▶ **Work order**:
The entries that follow include a run beginning at the line with "Great Halloween Accessories: 2" and ending at the line with "Prada Women’ s"; restate that run word for word and leave the rest out.

▶ **Supplied material**:

----

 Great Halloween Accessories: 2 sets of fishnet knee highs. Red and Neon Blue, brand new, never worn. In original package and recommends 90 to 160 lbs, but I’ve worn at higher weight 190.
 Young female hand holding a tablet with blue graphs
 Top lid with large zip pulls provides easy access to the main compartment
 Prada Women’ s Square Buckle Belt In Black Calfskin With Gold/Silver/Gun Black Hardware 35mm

----

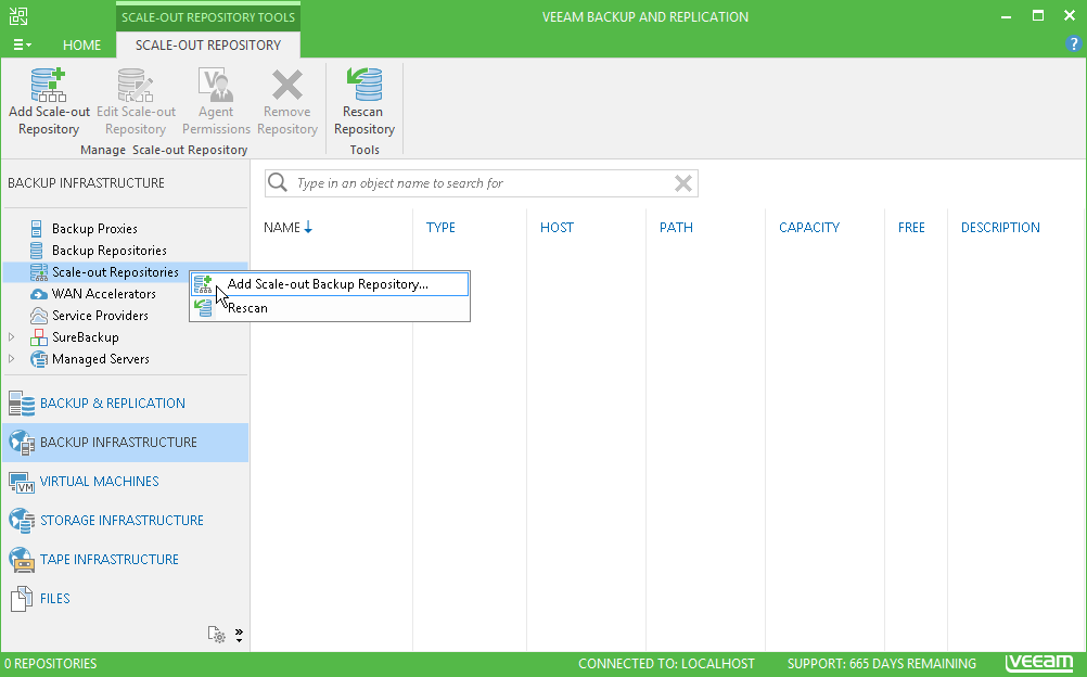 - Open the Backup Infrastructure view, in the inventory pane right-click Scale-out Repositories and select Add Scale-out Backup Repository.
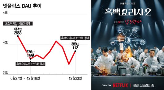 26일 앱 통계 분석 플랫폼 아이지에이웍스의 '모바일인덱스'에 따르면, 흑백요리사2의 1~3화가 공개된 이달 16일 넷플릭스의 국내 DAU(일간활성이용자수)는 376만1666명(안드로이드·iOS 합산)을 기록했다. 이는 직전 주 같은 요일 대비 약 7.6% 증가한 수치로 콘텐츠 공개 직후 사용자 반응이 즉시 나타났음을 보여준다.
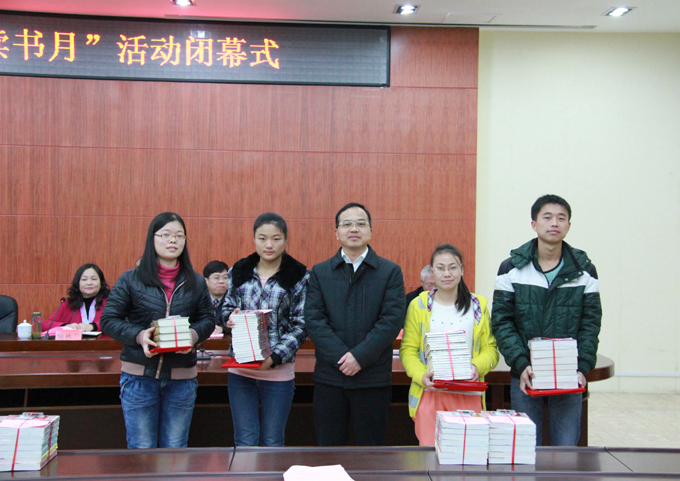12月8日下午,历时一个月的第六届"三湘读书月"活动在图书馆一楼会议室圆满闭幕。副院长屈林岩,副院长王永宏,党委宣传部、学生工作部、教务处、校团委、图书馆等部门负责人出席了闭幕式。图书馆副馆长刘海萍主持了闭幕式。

----

▶ **Solved exercise**:
 Great Halloween Accessories: 2 sets of fishnet knee highs. Red and Neon Blue, brand new, never worn. In original package and recommends 90 to 160 lbs, but I’ve worn at higher weight 190.
 Young female hand holding a tablet with blue graphs
 Top lid with large zip pulls provides easy access to the main compartment
 Prada Women’ s Square Buckle Belt In Black Calfskin With Gold/Silver/Gun Black Hardware 35mm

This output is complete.